[Given information Boundary: Start]

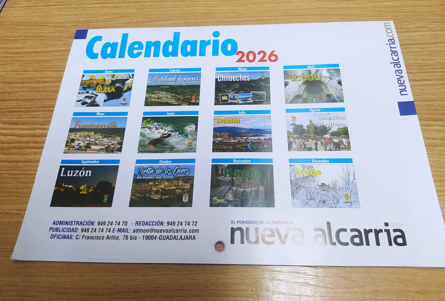 El periódico Nueva Alcarria ha editado Calendarios de 2026, que se pueden recoger en las oficinas del Ayuntamiento, y en la biblioteca del municipio, hasta la finalización de existencias.
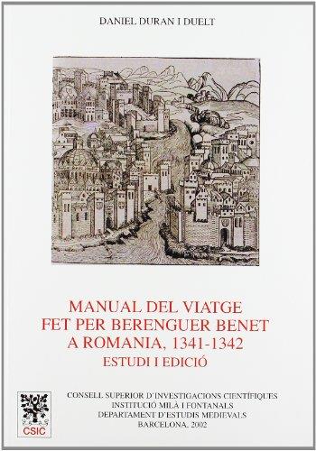 En esta obra se presenta la edición y estudio del manual de un viaje a Romanía de un mercader barcelonés, Berenguer Benet, hecho entre 1341 y 1342. Se entiende aquí por Romanía el área geográfica comprendida entre Creta, al sur, Constantinopla, al norte, Corfú, al oeste, y la costa de Turquía, al este. Estos territorios fueron considerados por los catalanes de la Edad Media como una unidad geográfica, que se correspondía, aproximadamente con los límites del Imperio Bizantino antes de la Cuarta Cruzada (1204). El objetivo del autor es estudiar y analizar las relaciones políticas y comerciales catalano-aragonesas con la Romanía y la presencia catalana en la región como un marco explicativo del origen y desarrollo de los consulados catalanes allí presentes entre los siglos XIII y XVI.
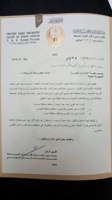 وتبين الوثيقة عن إستدعاء الإمارات لكلاً من اللواء/ عبدالقوي عباد أحمد الشريف محافظ محافظة صنعاء، واللواء حسين العجمي العواضي محافظ محافظة الجوف، واللواء علي محمد القوسي محافظ محافظة ذمار.

[Given information Boundary: End]

Your task is to output the material word for word while leaving out every image.

 El periódico Nueva Alcarria ha editado Calendarios de 2026, que se pueden recoger en las oficinas del Ayuntamiento, y en la biblioteca del municipio, hasta la finalización de existencias.
 En esta obra se presenta la edición y estudio del manual de un viaje a Romanía de un mercader barcelonés, Berenguer Benet, hecho entre 1341 y 1342. Se entiende aquí por Romanía el área geográfica comprendida entre Creta, al sur, Constantinopla, al norte, Corfú, al oeste, y la costa de Turquía, al este. Estos territorios fueron considerados por los catalanes de la Edad Media como una unidad geográfica, que se correspondía, aproximadamente con los límites del Imperio Bizantino antes de la Cuarta Cruzada (1204). El objetivo del autor es estudiar y analizar las relaciones políticas y comerciales catalano-aragonesas con la Romanía y la presencia catalana en la región como un marco explicativo del origen y desarrollo de los consulados catalanes allí presentes entre los siglos XIII y XVI.
 وتبين الوثيقة عن إستدعاء الإمارات لكلاً من اللواء/ عبدالقوي عباد أحمد الشريف محافظ محافظة صنعاء، واللواء حسين العجمي العواضي محافظ محافظة الجوف، واللواء علي محمد القوسي محافظ محافظة ذمار.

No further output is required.